**YOUR OBJECTIVE**
Your answer must be exactly the lines from the one containing "в своем Twitter." through the end of the material, both ends included, without pictures.

**RECORDED INFORMATION**
* * *

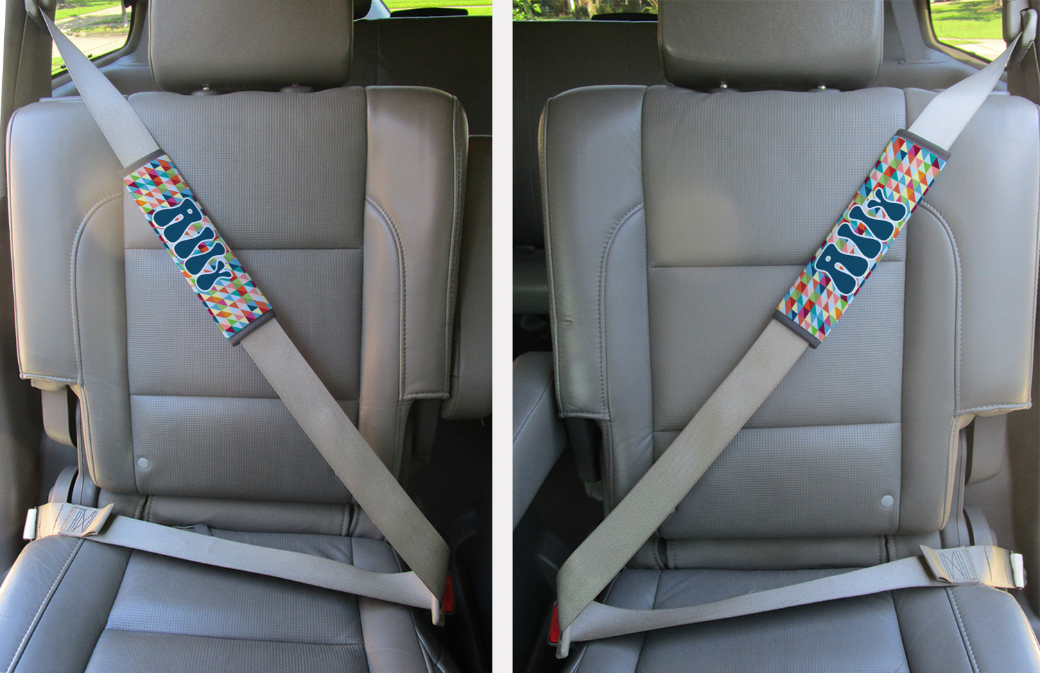 Made from neoprene, our seat belt strap covers wrap around the belt itself and have a Velcro tab for easy attachment and closure. The belt's edges are trimmed with a black polyester for a secure finish. Each cover is 9.5 by 7 inches when open and 9.5 by 2.5 inches when closed. We print your personalized design on the face of the seat belt pad.
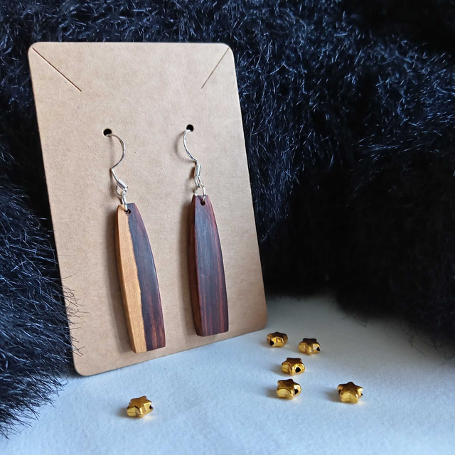 Boucles d'oreilles, en bois faites main, pour ajouter une touche de nature et d'élégance à son style. Soigneusement créée pour offrir un bijou unique et personnalisé.
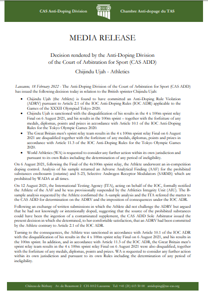 国际检测机构随即将该事件转交至国际体育仲裁法庭反兴奋剂部门。直到如今,国际体育仲裁法庭终于公布了相关结果。乌贾被认定兴奋剂违规,英国队的成绩被取消。这意味着,在东京奥运会男子4×100米接力决赛中获得第四名的中国队,离奖牌越来越近了。
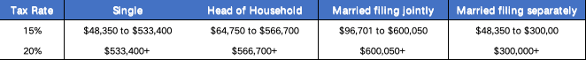 Ø 持有加密货币超过一年时,需缴纳长期资本利得税。长期资本利得适用优惠税率,多数纳税人将按0%、15%或20%缴纳:
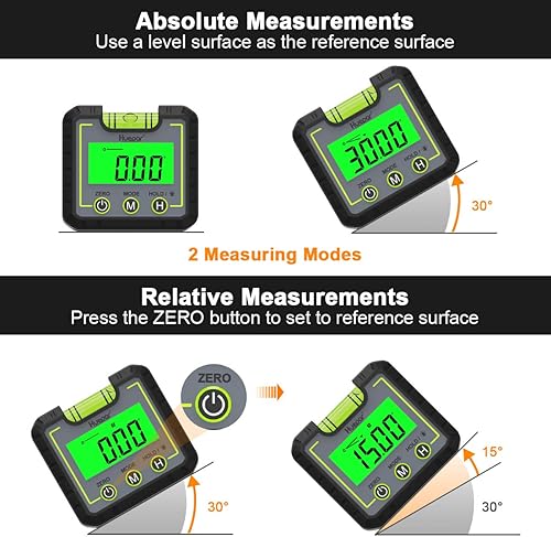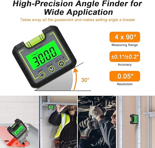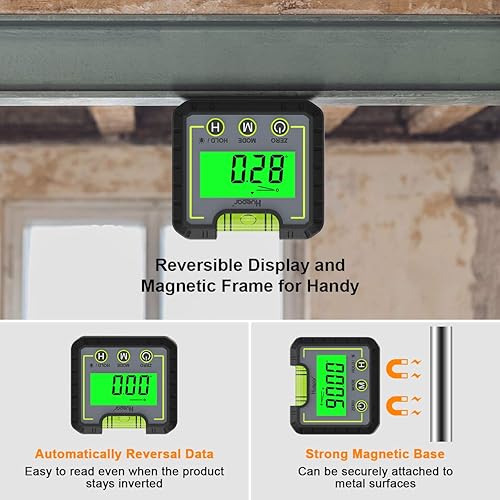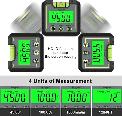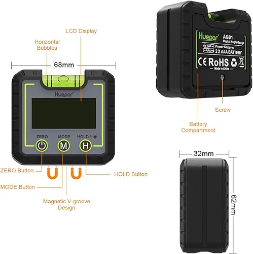 Huepar Digital Niveau Winkelmessgerät Mini Winkelsucher Level Box mit V-Nut Magnetfuß & Hintergrundbeleuchtung LCD Fasenlehre Neigungsmesser für Schreinerei, Baugewerbe, Automobilbau, -0~360° AG01
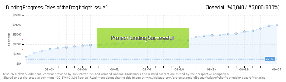 Wow! It's only been nine days since we launched the crowdfunding campaign for Tales of the Frog Knight: Issue 1, and as we write this we've reached nearly 400% of our original goal! We continue to be honored and humbled by the response to our... (Read More)
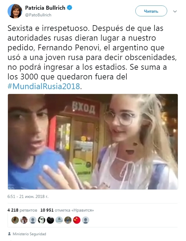 «После того как российские власти получили наше обращение, Фернандо Пенови, оскорбившему российскую девушку, закроют доступ на стадионы ЧМ», — написала она в своем Twitter.
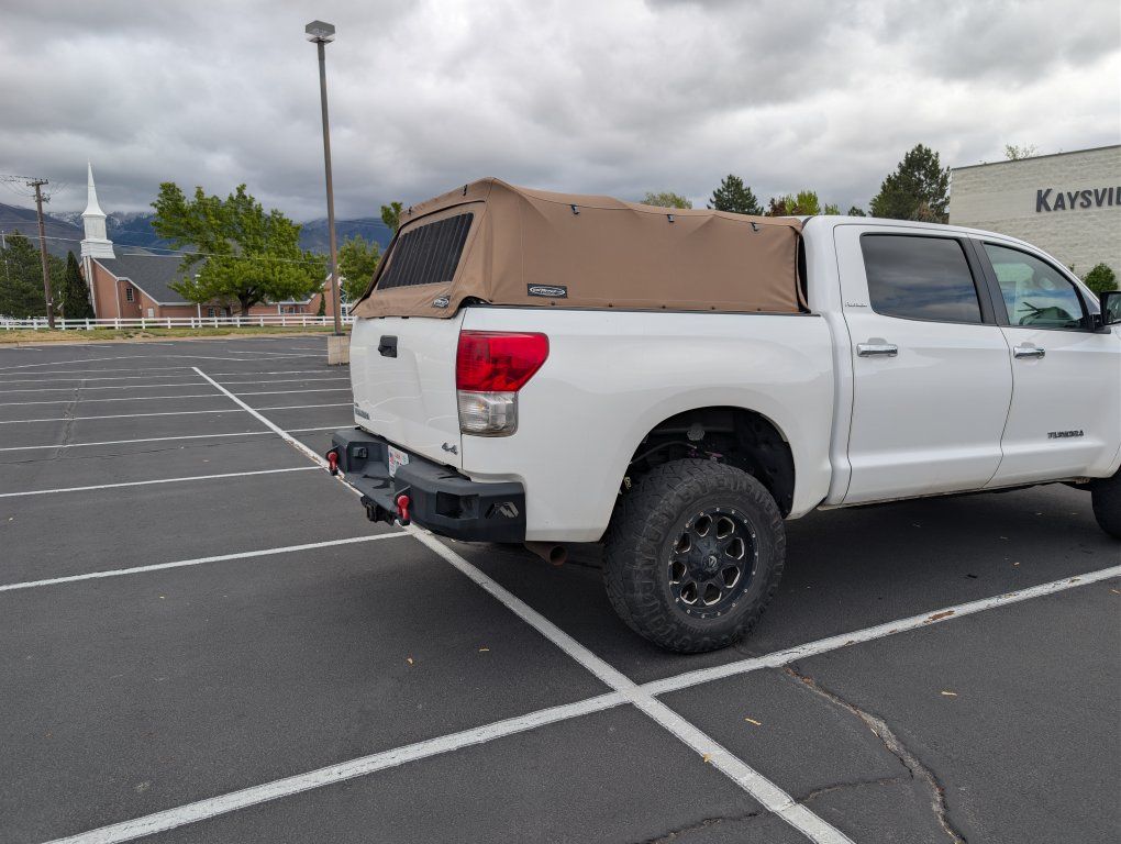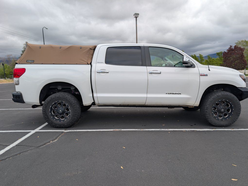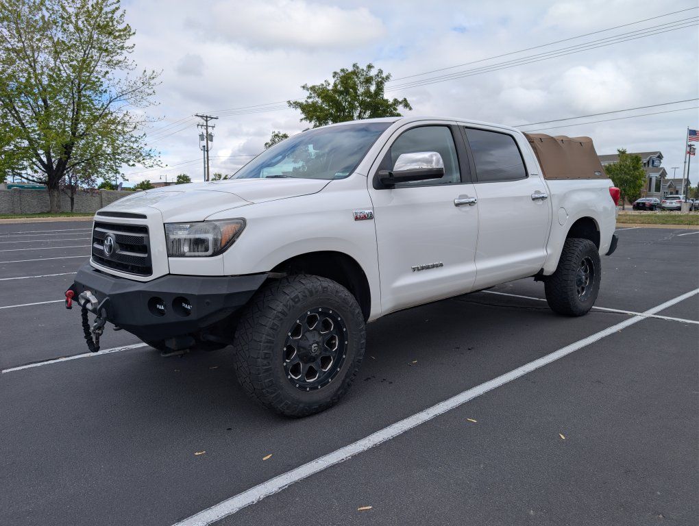 I am going to be really sad to see this go, but with a growing family, it is time. For sale is my 2012 Toyota Tundra Platinum Crewmax. This truck has the legendary 5.7-liter iForce V8, and it only has 123,000 miles on it. This truck has been extremely well cared for. It has had regular maintenance ahead of schedule each time using only synthetic fluids. All of the maintenance is up to date. It has not been abused, and it served our family extremely well as we ventured into the mountains. Everything works as it should. AC blows very cold, and the heat warms you right up. The seat heaters and coolers also work quite well. The truck has well over 10,000 dollars in high-end professionally installed aftermarket parts. Here is a list of those, and I will likely not remember everything.

* * *

**ANSWER SPACE**
 «После того как российские власти получили наше обращение, Фернандо Пенови, оскорбившему российскую девушку, закроют доступ на стадионы ЧМ», — написала она в своем Twitter.
 I am going to be really sad to see this go, but with a growing family, it is time. For sale is my 2012 Toyota Tundra Platinum Crewmax. This truck has the legendary 5.7-liter iForce V8, and it only has 123,000 miles on it. This truck has been extremely well cared for. It has had regular maintenance ahead of schedule each time using only synthetic fluids. All of the maintenance is up to date. It has not been abused, and it served our family extremely well as we ventured into the mountains. Everything works as it should. AC blows very cold, and the heat warms you right up. The seat heaters and coolers also work quite well. The truck has well over 10,000 dollars in high-end professionally installed aftermarket parts. Here is a list of those, and I will likely not remember everything.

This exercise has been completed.